This was the first time that a federal court reviewed OFAC’s designation of a decentralized mixer, and came on the heels of OFAC sanctioning Tornado Cash in 2022. Then, it found that the mixer was used in a number of multimillion-dollar virtual currency thefts, including a $455 million heist by Lazarus Group, a Democratic People’s Republic of Korea state-sponsored hacking group. OFAC determined that since Tornado Cash’s creation in 2019, it had laundered over $7 billion in virtual currency. In issuing the designation, OFAC indicated that Tornado Cash had failed to institute controls to prevent its involvement in money-laundering transactions. 

The district court’s decision raises significant legal questions related to OFAC’s authority and the Fifth Amendment takings clause, as well as implications for the growing decentralized finance (DeFi) industry more broadly.

Key arguments

The plaintiffs argued that OFAC violated the Administrative Procedures Act (APA), the First Amendment’s free speech clause and the Fifth Amendment’s takings clause. 

APA challenge 

According to the plaintiffs, OFAC exceeded its authority by including Tornado Cash on its SDN list because Tornado Cash is not a foreign “national” or “person” within the meaning of the International Emergency Economic Powers Act (IEEPA). Further, the plaintiffs argued that even if Tornado Cash is a properly designated entity, it lacks a property interest in the deployed smart contracts that OFAC blocked. 

The court acknowledged that “person” has been defined in the regulations to mean an “individual or entity,” which, in turn, includes “a partnership, association, trust, joint venture, corporation, subgroup or other organization.” The court found that based on the plain meaning of “association,” OFAC need only establish: “(1) that Tornado Cash consists of a body of individuals, and (2) that this body furthers a common purpose.” Ultimately, the court found that Tornado Cash is an association and therefore can be designated. It held that “[s]ubstantial evidence supports the argument that founders, developers and DAO [decentralized autonomous organization] constitute ‘[a] body of persons who have combined to execute [the] common purpose’ of developing, promoting, and governing Tornado Cash.”

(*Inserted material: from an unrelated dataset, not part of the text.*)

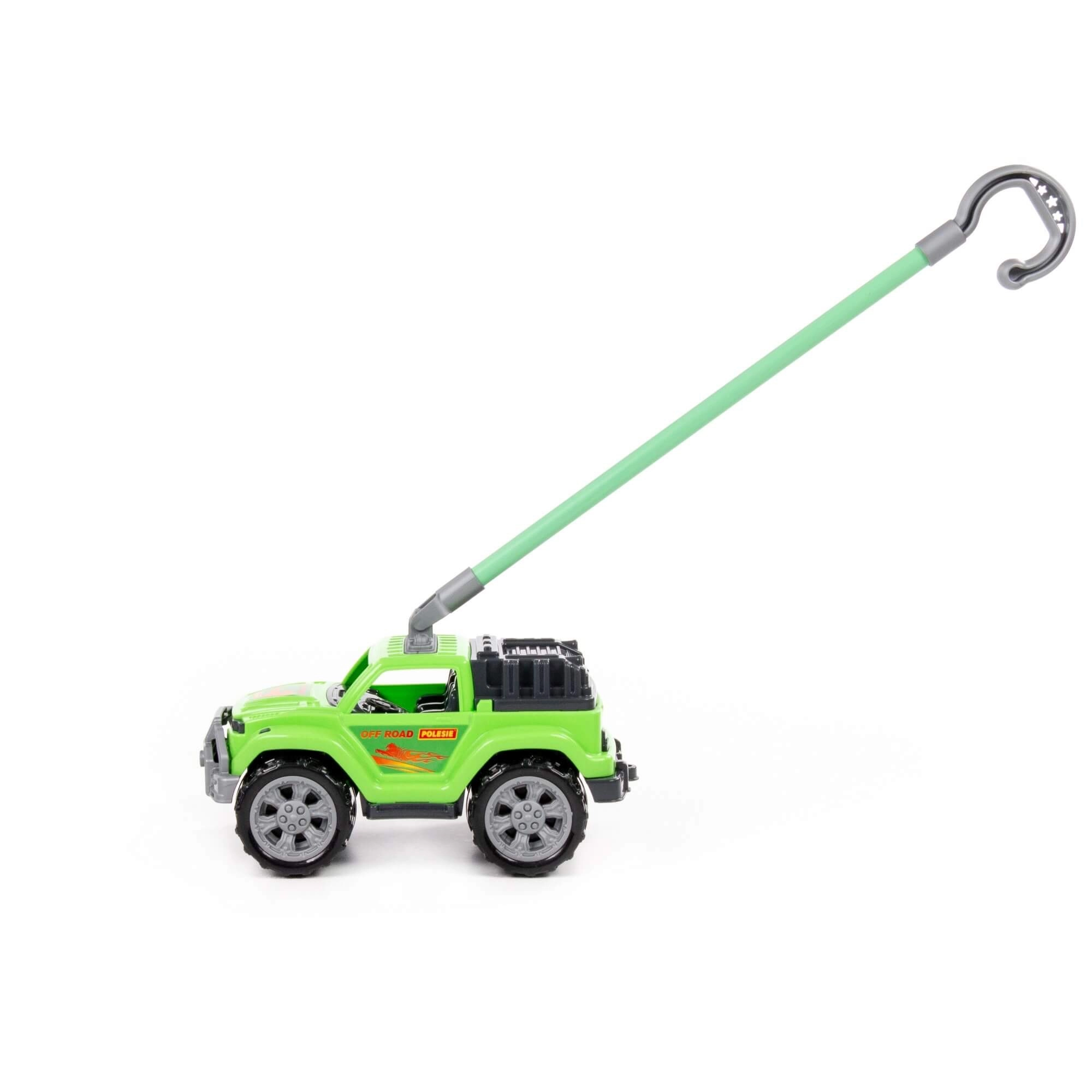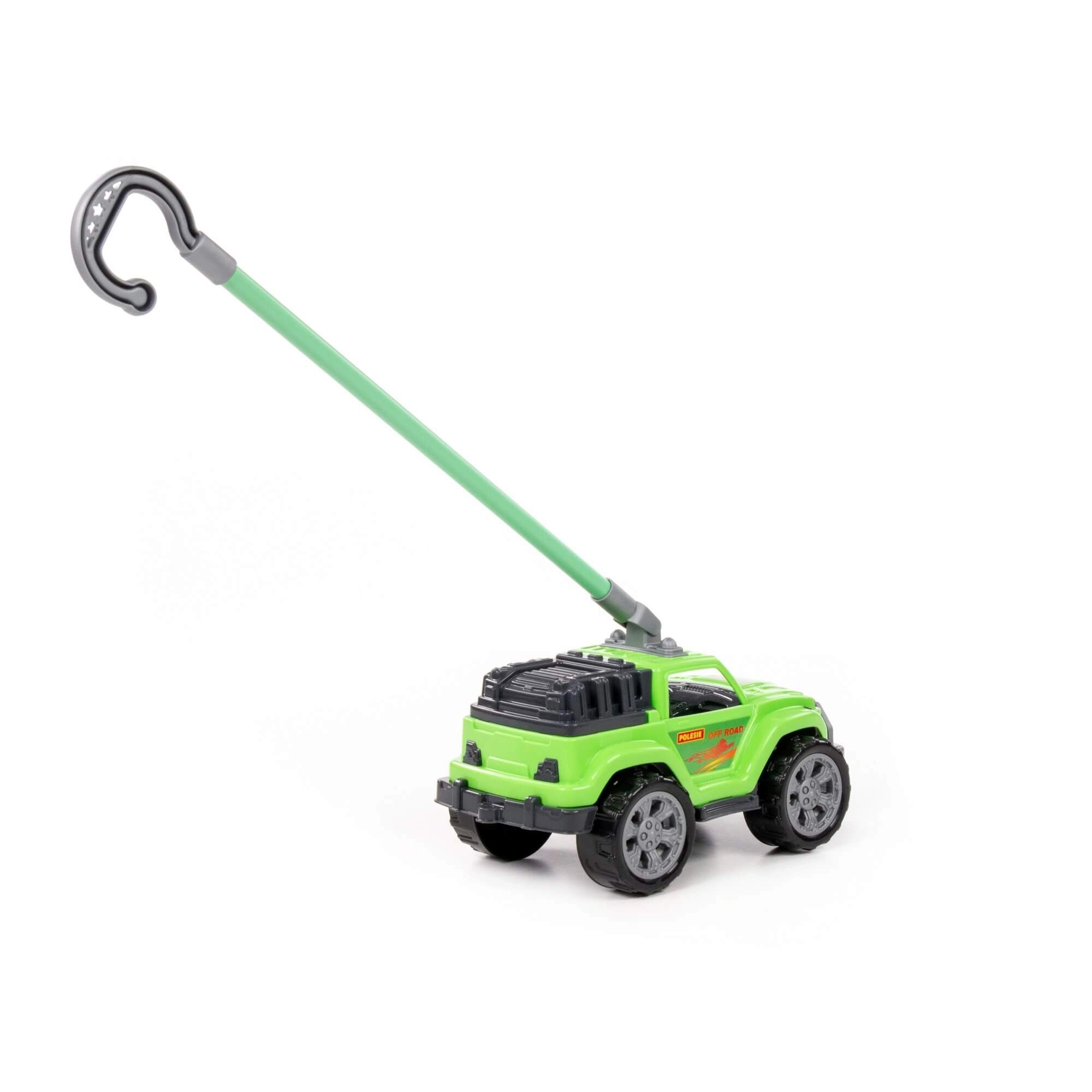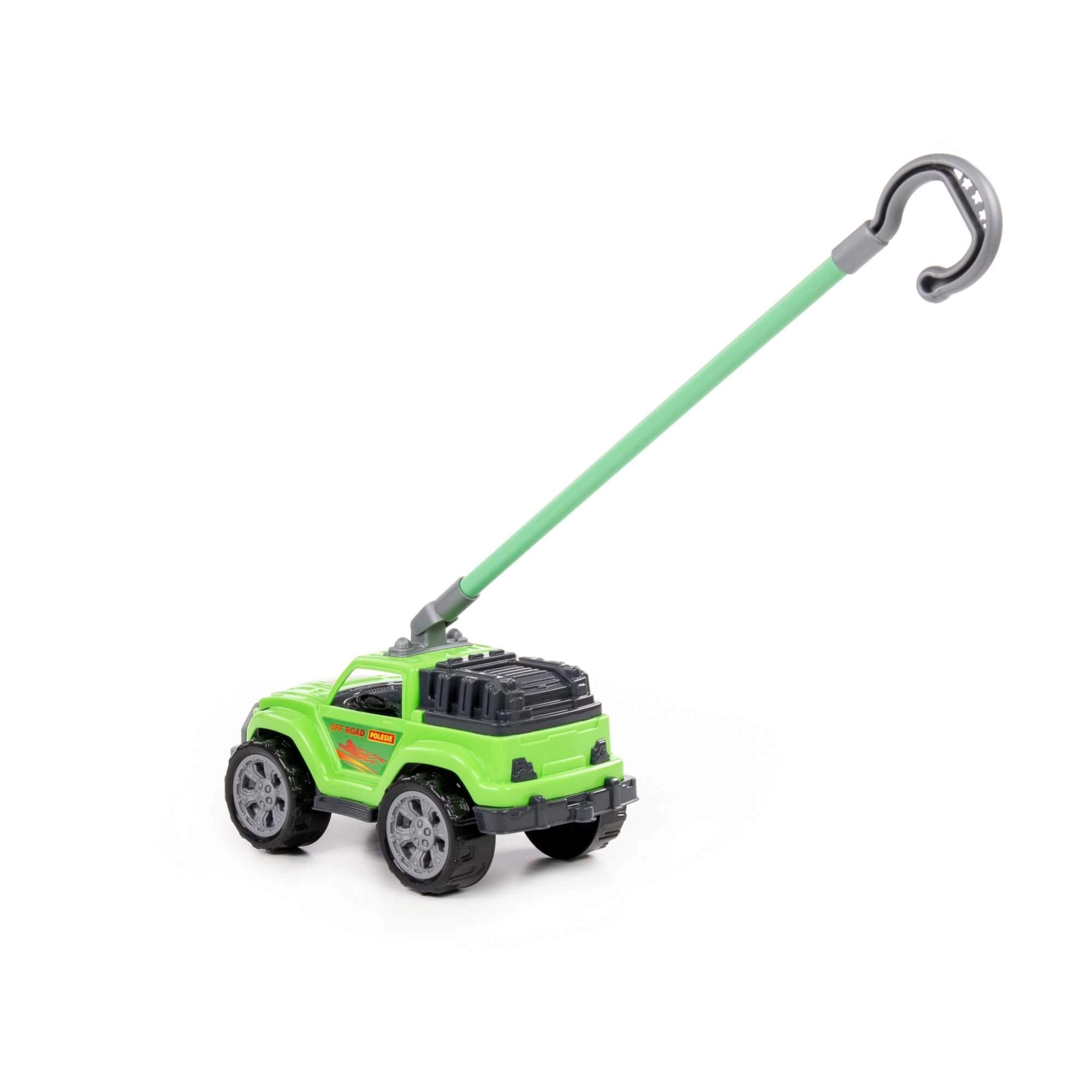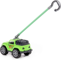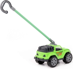 Πράσινο παιδικό αυτοκινητάκι ώθησης εμπνευσμένο από off-road οχήματα, με ανθεκτική κατασκευή, μεγάλους τροχούς για κίνηση σε διάφορες επιφάνειες και αποσπώμενη μακριά λαβή για εύκολη καθοδήγηση ή έλξη. Ιδανικό για ανάπτυξη κινητικών δεξιοτήτων και δημιουργικό παιχνίδι μέσα και έξω.

Further, the court found that the Tornado Cash DAO has a property interest in the deployed smart contracts because the DAO benefits from use of the protocol. The court acknowledged that OFAC provided broad definitions of the terms “property” and “interest in property” within its implementing regulations. The plaintiffs argued that the court should adopt the plain meaning of the term “property” and noted that the various examples of “property” in the regulation are all things that, consistent with the plain meaning, “are capable of being owned.” Therefore, according to the plaintiffs, the definition of “property” would not cover the concept of smart contracts, which they said are ownerless and immutable, i.e., the functionality of the smart contracts cannot be altered or stopped.

However, the court found that OFAC’s definition of property encompasses “contracts of any nature whatsoever” and cited judicial decisions outside of the IEEPA context where courts found that smart contracts are “merely a code-enabled species of unilateral contracts.” The court relied heavily on the plaintiffs’ acknowledgement that smart contracts are akin to vending machines, which the court described as “examples of unilateral contracts,” and found that neither a smart contract’s lack of human intervention nor its immutability “affect its status as a type of contract, thus, a type of property within the meaning of the regulation.” 

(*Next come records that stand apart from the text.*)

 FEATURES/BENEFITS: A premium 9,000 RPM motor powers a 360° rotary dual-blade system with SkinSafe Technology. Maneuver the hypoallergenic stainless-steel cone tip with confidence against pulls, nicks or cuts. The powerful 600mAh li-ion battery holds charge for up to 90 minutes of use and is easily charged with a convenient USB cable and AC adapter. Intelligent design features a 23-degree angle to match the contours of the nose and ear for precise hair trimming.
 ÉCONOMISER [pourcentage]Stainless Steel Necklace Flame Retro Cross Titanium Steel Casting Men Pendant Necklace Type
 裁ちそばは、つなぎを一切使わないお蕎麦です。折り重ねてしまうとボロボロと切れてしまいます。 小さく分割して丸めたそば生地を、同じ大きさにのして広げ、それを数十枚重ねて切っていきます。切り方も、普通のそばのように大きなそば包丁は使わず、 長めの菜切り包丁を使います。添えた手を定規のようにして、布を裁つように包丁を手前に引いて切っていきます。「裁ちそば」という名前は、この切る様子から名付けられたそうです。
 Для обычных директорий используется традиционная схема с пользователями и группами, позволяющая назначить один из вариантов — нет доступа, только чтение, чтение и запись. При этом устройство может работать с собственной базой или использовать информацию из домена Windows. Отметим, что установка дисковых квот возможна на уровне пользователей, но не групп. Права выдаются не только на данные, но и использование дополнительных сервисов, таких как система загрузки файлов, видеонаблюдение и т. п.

Finally, the plaintiffs argued that Tornado Cash does not have a property “interest” in the smart contracts. The court found that Tornado Cash has a beneficial interest based on the fact that the smart contracts it deployed have and will continue to generate revenue in the form of TORN tokens transferred to the DAO.

First Amendment challenge 

The plaintiffs also argued that OFAC’s designation of Tornado Cash violated the First Amendment’s free speech clause as it chills constitutionally protected “socially valuable speech” through contributions to political and social causes. They alleged that without the privacy offered by Tornado Cash, the ability to express views is hindered. The court rejected the argument, noting that alternative means exist to support causes anonymously.  

Takings claims

Lastly, some of the plaintiffs argued that Ether belonging to them is trapped in a Tornado Cash smart-contract pool, thereby constituting an unconstitutional taking under the Fifth Amendment. The court declined to consider this issue, noting that the plaintiffs did not move for summary judgment on this count and by failing to pursue the claim beyond the initial complaint, waived it.

Takeaways for corporate counsel and DeFi stakeholders

Given the novelty of this case, corporate counsel and stakeholders in the DeFi industry would do well to take note of the following takeaways:

Due process and the broad interpretations of ‘property’ and ‘interest’ 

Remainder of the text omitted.